■ Records shown ■
^^^^^^^^
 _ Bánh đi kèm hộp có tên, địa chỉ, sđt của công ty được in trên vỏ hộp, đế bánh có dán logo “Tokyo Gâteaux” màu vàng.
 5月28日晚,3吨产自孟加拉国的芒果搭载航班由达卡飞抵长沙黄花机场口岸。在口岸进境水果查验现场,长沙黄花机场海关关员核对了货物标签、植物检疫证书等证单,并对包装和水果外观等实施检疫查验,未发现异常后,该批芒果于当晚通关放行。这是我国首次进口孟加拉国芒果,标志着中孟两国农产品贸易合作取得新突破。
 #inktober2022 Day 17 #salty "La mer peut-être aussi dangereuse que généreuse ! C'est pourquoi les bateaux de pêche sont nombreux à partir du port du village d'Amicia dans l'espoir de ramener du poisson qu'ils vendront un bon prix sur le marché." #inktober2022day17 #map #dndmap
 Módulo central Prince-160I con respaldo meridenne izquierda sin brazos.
^^^^^^^^
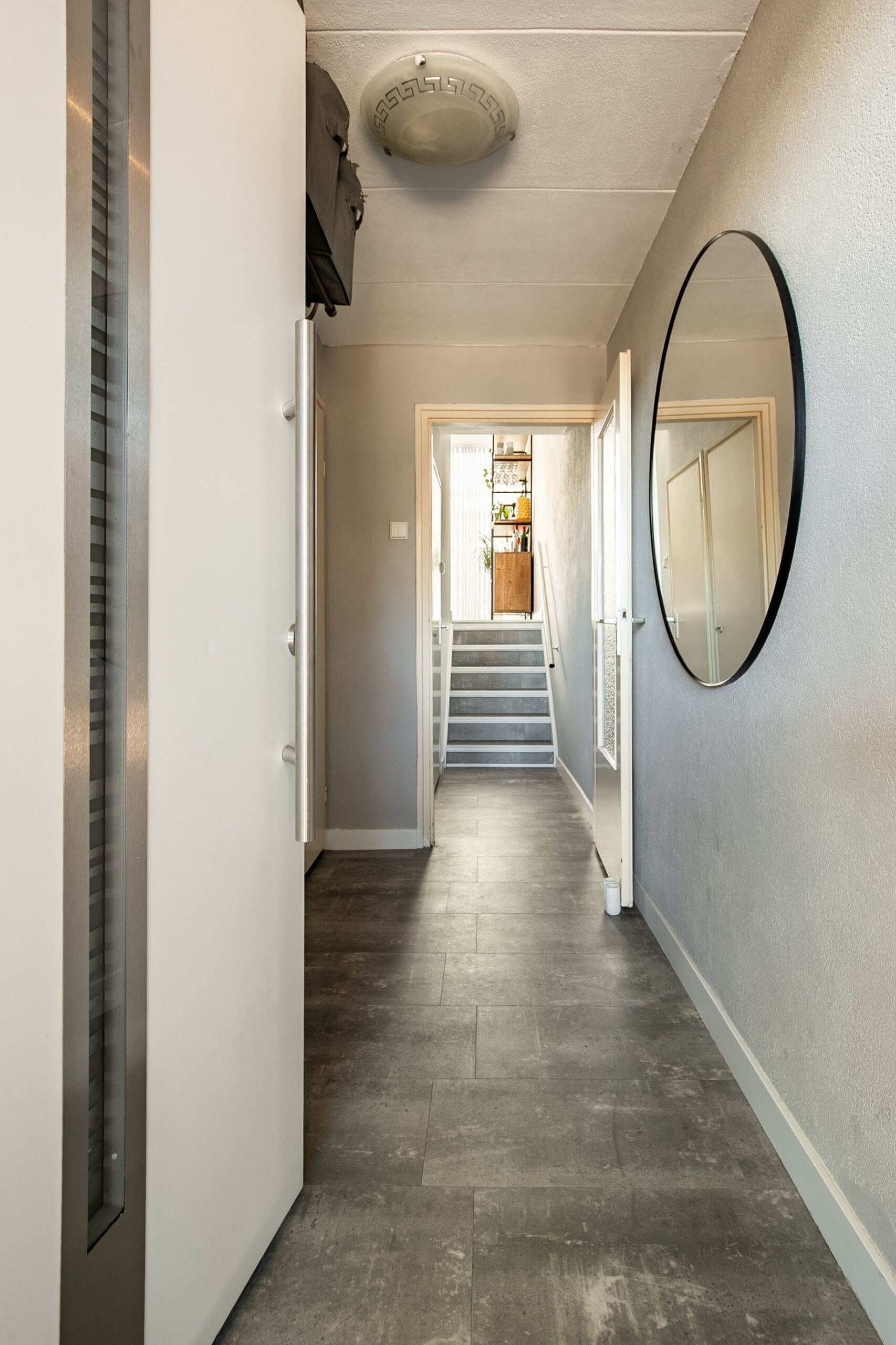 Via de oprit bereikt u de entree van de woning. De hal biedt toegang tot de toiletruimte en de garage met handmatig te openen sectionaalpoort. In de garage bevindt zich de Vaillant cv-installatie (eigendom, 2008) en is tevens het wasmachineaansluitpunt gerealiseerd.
^^^^^^^^
■ Task to complete ■
Repeat, word for word, the lines above between the line holding "Bánh đi kèm" and the line holding "Módulo central Prince-160I", inclusive; omit everything else.

■ Answer section ■
 _ Bánh đi kèm hộp có tên, địa chỉ, sđt của công ty được in trên vỏ hộp, đế bánh có dán logo “Tokyo Gâteaux” màu vàng.
 5月28日晚,3吨产自孟加拉国的芒果搭载航班由达卡飞抵长沙黄花机场口岸。在口岸进境水果查验现场,长沙黄花机场海关关员核对了货物标签、植物检疫证书等证单,并对包装和水果外观等实施检疫查验,未发现异常后,该批芒果于当晚通关放行。这是我国首次进口孟加拉国芒果,标志着中孟两国农产品贸易合作取得新突破。
 #inktober2022 Day 17 #salty "La mer peut-être aussi dangereuse que généreuse ! C'est pourquoi les bateaux de pêche sont nombreux à partir du port du village d'Amicia dans l'espoir de ramener du poisson qu'ils vendront un bon prix sur le marché." #inktober2022day17 #map #dndmap
 Módulo central Prince-160I con respaldo meridenne izquierda sin brazos.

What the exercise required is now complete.